Dialogue Scenario – The Role Played by the Robot

In different application scenarios, dialogue systems need to play different roles to meet users' specific needs and intentions. Currently, mainstream application scenarios include home settings, early education, customer service, and in-car environments. Dialogue content in a specific scenario often includes domain-specific terminology or patterns, as well as relevant knowledge bases or knowledge graphs. Such dialogues often return conventional responses or solutions. Before evaluating a dialogue system, the evaluator must use their imagination to place themselves in the scenario. Understanding the role the dialogue system is trying to play helps us evaluate it more objectively.

Dialogue Purpose – Topics and Intentions

In real life, natural language conversations between people can be divided into two categories: purposeful and purposeless. Purposeful dialogues can be guided by the questioner or the initiator of the conversation. At the end of the dialogue, we can judge its quality by determining whether the purpose was achieved. In practice, however, the purpose of a dialogue is not always clearly defined. When evaluating dialogues, we cannot focus solely on those with clear purposes and ignore purposeless ones. Even purposeless dialogues involve information exchange and emotional interaction. Therefore, regardless of whether the dialogue has a clear topic or intention, we should pay attention to the information and emotions it conveys.

Evaluation Objectives of Dialogue Systems

The general considerations for dialogue systems described above are the prerequisites for evaluating an intelligent dialogue system. Once the evaluation criteria are clear, we can define a set of dialogue content to evaluate an intelligent dialogue system.

First, good dialogue content should be semantically coherent, with closely related and logically consistent context.

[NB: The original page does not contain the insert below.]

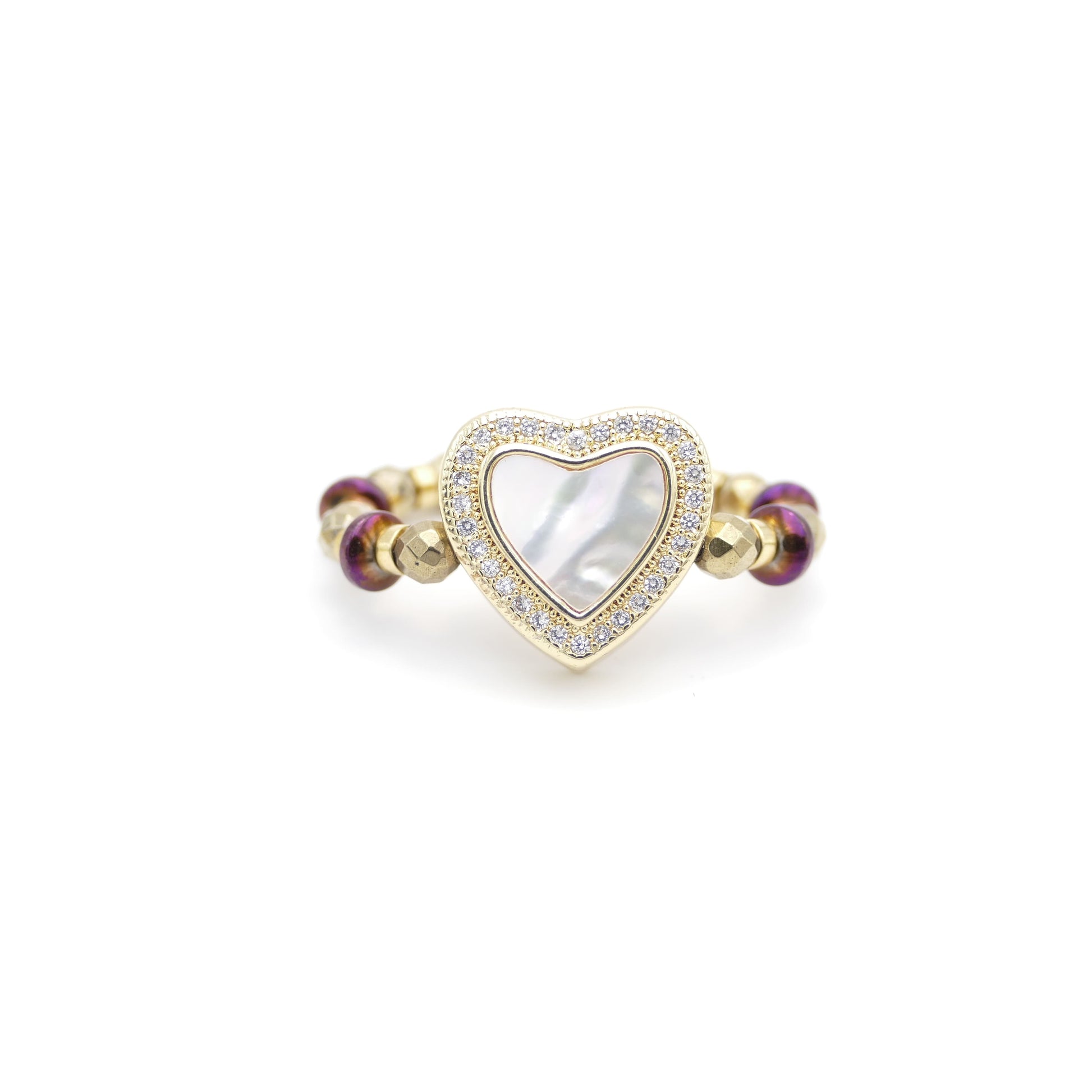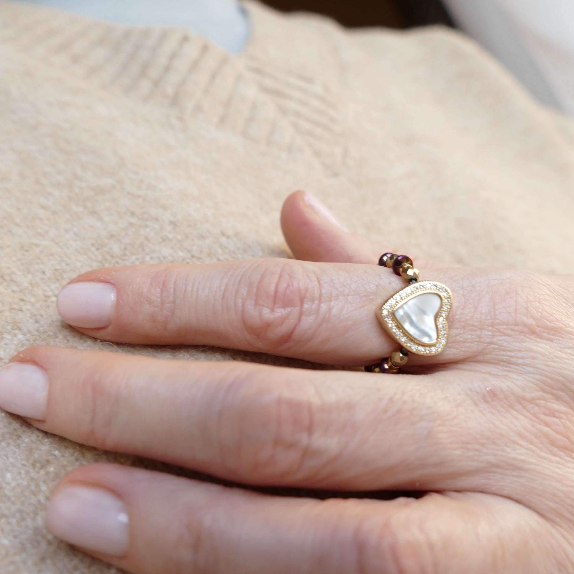 Eine Wunderschöne Geschichte von unsere Schmuck Kollektion Elara, mit Herzform aus Perlmutt-Perle, Zirkonia und Element aus Vergoldetem.

Next, good dialogue content should meet the requirements of specific application scenarios, with clear and unambiguous expressions that align with user expectations. Finally, whether the topic is open-domain or vertical, and whether the intention is achieved or not, good dialogue content should always convey information and emotions.

Summary

At this point, we have transformed the question of 'how to evaluate an intelligent dialogue system' into 'how to define a good intelligent dialogue system.' By examining the actual usage of dialogue-based products in real-world scenarios, we have derived the considerations and standards for dialogue evaluation systems. With clear standards in place, the task design for intelligent dialogue evaluation becomes more structured.

Generally, dialogue evaluation work is handled from two perspectives: automated evaluation and human evaluation. In the next article, I will introduce the current mainstream automated dialogue evaluation tasks and human annotation methods. I will analyze the shortcomings of these tasks and methods and explain how I combine automated evaluation with human annotation to design intelligent dialogue evaluation methods.